LONDON, ONTARIO - One year shy of its 30th birthday, publisher N. Breton Downe has unwittingly invoked one of George Herbert Walker Bush’s favourite phrases and announced that “it would not be prudent” to continue publishing SCENE magazine any longer. The prudence which Downe is now heeding is of the business/fiscal kind. From that moment when he was visiting his sister in Toronto in the mid ‘80s, picked up a NOW magazine and wondered if something along similar lines might not be doable in London, profitability has always been his lodestar. And indeed, that’s as it should be if you’re going to venture into a line of enterprise such as publishing where it’s so treacherously easy to take a blowtorch to your life savings.
Downe has been vainly seeking a buyer for SCENE for at least the last five dispiriting years. It’s a bit of a stalemate, all right. If your magazine or paper is healthily chugging along, then life is both profitable and fun and who would want to walk away from something as dynamic and rewarding as that? And if it’s all become a thankless grind – and in a digital age when a publication no longer requires a building or a press or even a couple of desks in a rented room – who is going to be tempted to fork over any sort of moolah to buy the name and whatever goodwill might still be associated with a freebie publication that has no subscriber list and has frankly seen livelier days?
The June, 2018 issue of the occasionally-weekly, usually bi-weekly and most-recently monthly alternative paper will be its grand valediction; an edition which Downe promises us “will be a keeper”. Well, if it’s going to earn that distinction, it’ll have to be a little more dazzling than SCENE’s 28-page May edition whose generic, unsigned cover story – “Hot Summer Guide” – is a sprawling series of short, disconnected, boosteristic plugs for upcoming events and a handful of restaurants and bars, most of which have taken out ads.

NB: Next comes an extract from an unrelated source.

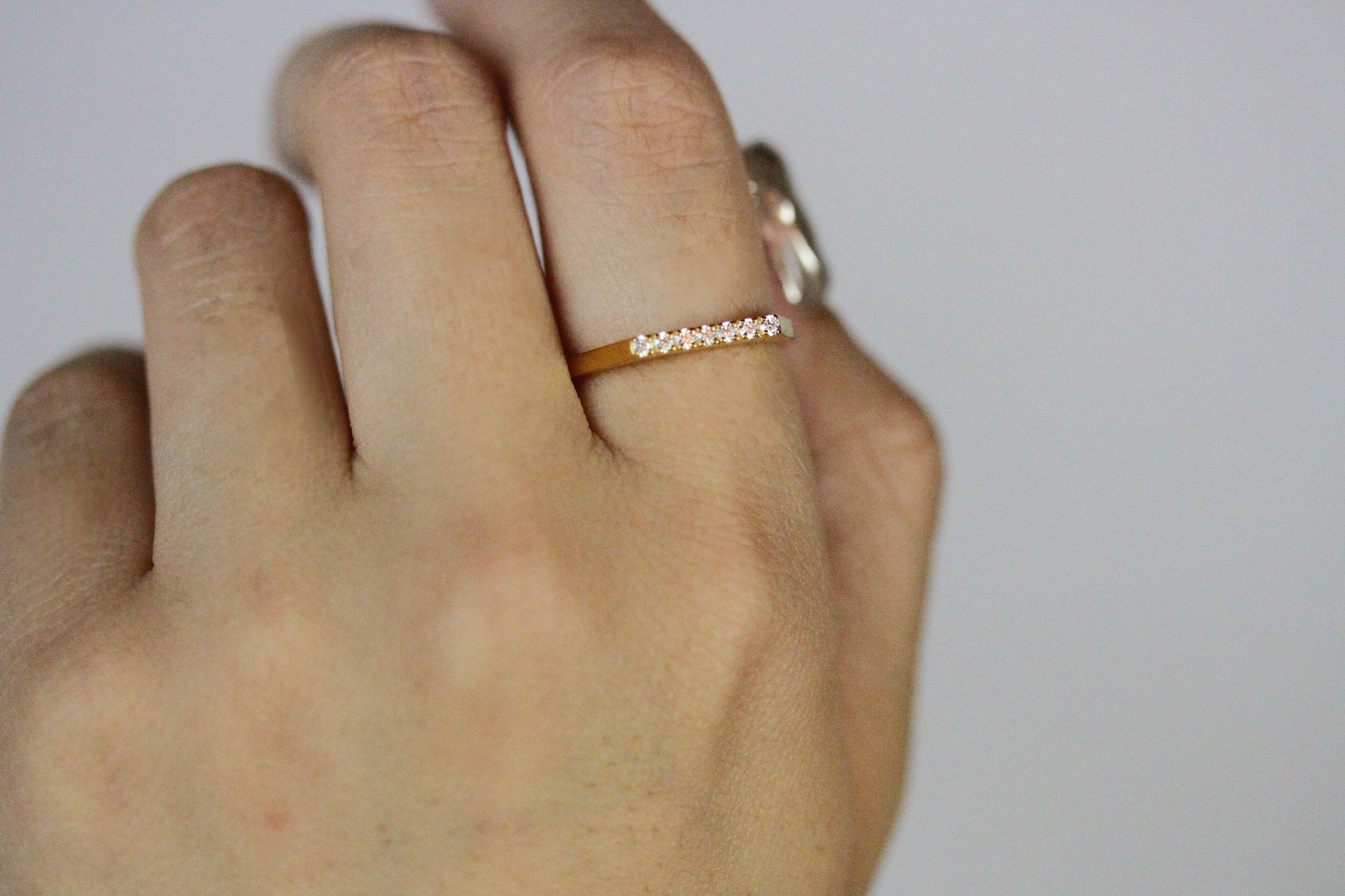 シンプルなフォルムなのでお手持ちのリングと重ね付けして

Well, so far this essay is turning out snarkier than I’d intended. It’s undeniable; I have decidedly mixed feelings about SCENE. I was on board with my Found Wandering column from their very first eight-page issue of March 23–29, 1989. That weekly timetable was kept up, even through the summer and Christmas seasons, until the 16-page issue of February 1–14 of the following year. Downe and his then-wife operating out of their apartment in the furthest reaches of northeast London were responsible for publishing, editing, ad sales, type-setting, layout and distribution. Staggering under that kind of workload, and neither party evincing a pronounced literary or aesthetic flair, it wasn’t surprising that in terms of physical presentation, the first few years’ worth of SCENEs were what my mother used to call “a dog’s breakfast”.
Sometimes I’d pick up a still-warm-from-the-printers new issue and beholding the latest abomination of a cover with an advertising tie-in – an out-of-focus shot of dancers at a commercial studio or a sax player at the short-lived Club Pantera; the very same photo of Blue Rodeo as was plastered on the back page ad for Best Buy; or the late April issues which were always devoted to the brazenly grinning finalists in the Miss Nude London and Western Ontario contest at Famous Flesh Gordon’s – and I’d wonder if I wouldn’t be further ahead seeking work with a slightly more respectable organ like The Lumber and Buildings Materials Association of Ontario Reporter (or the LBMAO Reporter as it's more familiarly known).
Downe hit a wall in late November of 1992 when he published two ads for phone sex companies (one of them of the triple X variety) and a barrage of grossed out readers, fellow advertisers and managers of various distribution outlets made their outrage known. He published a special letter in the next issue in which he vowed to resist such odious fare in the future. And recognizing that he’d been spreading himself way too thin and such a faux pas would never have happened if he wasn’t trying to keep so many plates simultaneously twirling on top of so many sticks, Downe invited me to come aboard as editor of everything but the music section in our only issue of December and as the cross-the-board editor starting with our first issue of 1993.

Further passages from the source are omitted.